» Description of the task:
Among the lines below, output only those between the line holding "for Derek Fishboi." and the line holding "Burrata and Brussels", inclusive, exactly as written and with no pictures.

» Available data:
#####

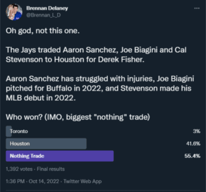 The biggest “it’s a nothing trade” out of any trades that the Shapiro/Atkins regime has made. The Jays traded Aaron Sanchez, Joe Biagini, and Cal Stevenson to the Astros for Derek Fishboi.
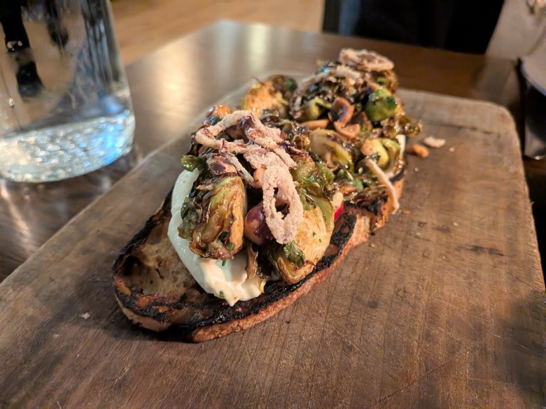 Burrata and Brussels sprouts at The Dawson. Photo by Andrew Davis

#####

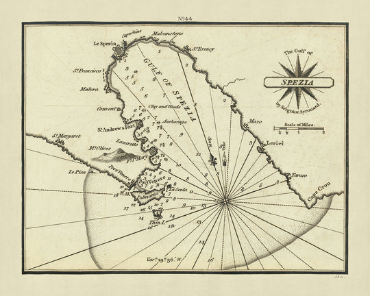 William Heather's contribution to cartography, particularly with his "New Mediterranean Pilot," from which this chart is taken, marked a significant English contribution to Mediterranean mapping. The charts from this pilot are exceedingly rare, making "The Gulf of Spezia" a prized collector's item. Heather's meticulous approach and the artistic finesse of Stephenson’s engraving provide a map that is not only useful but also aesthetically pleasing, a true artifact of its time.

#####

» Response area:
 The biggest “it’s a nothing trade” out of any trades that the Shapiro/Atkins regime has made. The Jays traded Aaron Sanchez, Joe Biagini, and Cal Stevenson to the Astros for Derek Fishboi.
 Burrata and Brussels sprouts at The Dawson. Photo by Andrew Davis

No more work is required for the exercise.